You Are NOT Unique and THIS Is How You Should Smuggle Drugs: Unintended Lessons from National Geographic’s Locked Up Abroad

Watching Locked Up Abroad you realize that everyone has the same story:

“I was smuggling contraband because I was young and felt invincible–I got caught—how am I going to tell my Dad?—(sniff)—Prison was hell—you’ve got to be strong—My parents forgave me and pulled some strings—etc.”

This makes me question the assumption our culture shares about how “unique” each person really is. I mean, these people are living on the knife-edge of danger, experiencing the exhilarating rush of adventure and adversity that makes each moment seem so intense and life so special—and it’s all the same! Even the superlatives I just used to describe it are clichés distilled from a mash of everyone “who’s ever really lived.”

And if those people aren’t unique, how unique are we, sitting on our safe fat asses at home?

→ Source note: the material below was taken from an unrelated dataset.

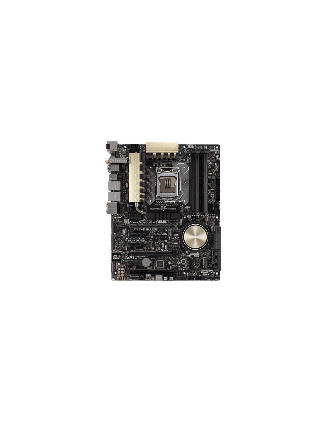 ASUS Z97-DELUXE. Produttore processore: Intel, Presa per processore: LGA 1150 (Presa H3), Processori compatibili: Intel® Celeron®. Tipi di memoria supportati: DDR3-SDRAM, tipo di slot di memoria: DIMM, Canali di memoria: Dual-channel. Interfacce dell'unità di archiviazione supportate: SATA III. Tecnologia di processo parallela: 3-Way CrossFireX,Quad-GPU SLI. Tipo di interfaccia Ethernet: Gigabit Ethernet, Controller LAN: Intel® I211-AT, Intel® I218-V

Obviously, this is not the lesson intended by the producers of the show.

Another lesson I’m sure they did not intend to convey was how to smuggle drugs properly:

You need fifteen “mules.” Fourteen of the mules are decoys, strapped to the gills beneath their clothing with packages of baby powder or some other legal substance—no cocaine or heroin at all—trying their damnedest to fit the profile of a drug smuggler.

[Singing out loud with his headphones, to the tune of “Hey Hey We’re the Monkees”]:

Hey hey I’m a smuggler!
People say I’m smuggling around
But I’m too busy smuggling
To put any Federales down…

At the airport, the fourteen fake mules are located in the front and back of the lines, easily picked off by law enforcement. None of the fake mules actually knows who the real mule is or even what contraband is being smuggled–all they’ve been told is “Go down to South American and strap some legal products to your body and we will pay you $10,000.”

Plausible denial, baby!

Overwhelmed by so many fake mules with so much apparent cocaine, all of which has to be tested (“Hey, you forgot to check this package!”), the real mule slips by on his or her way.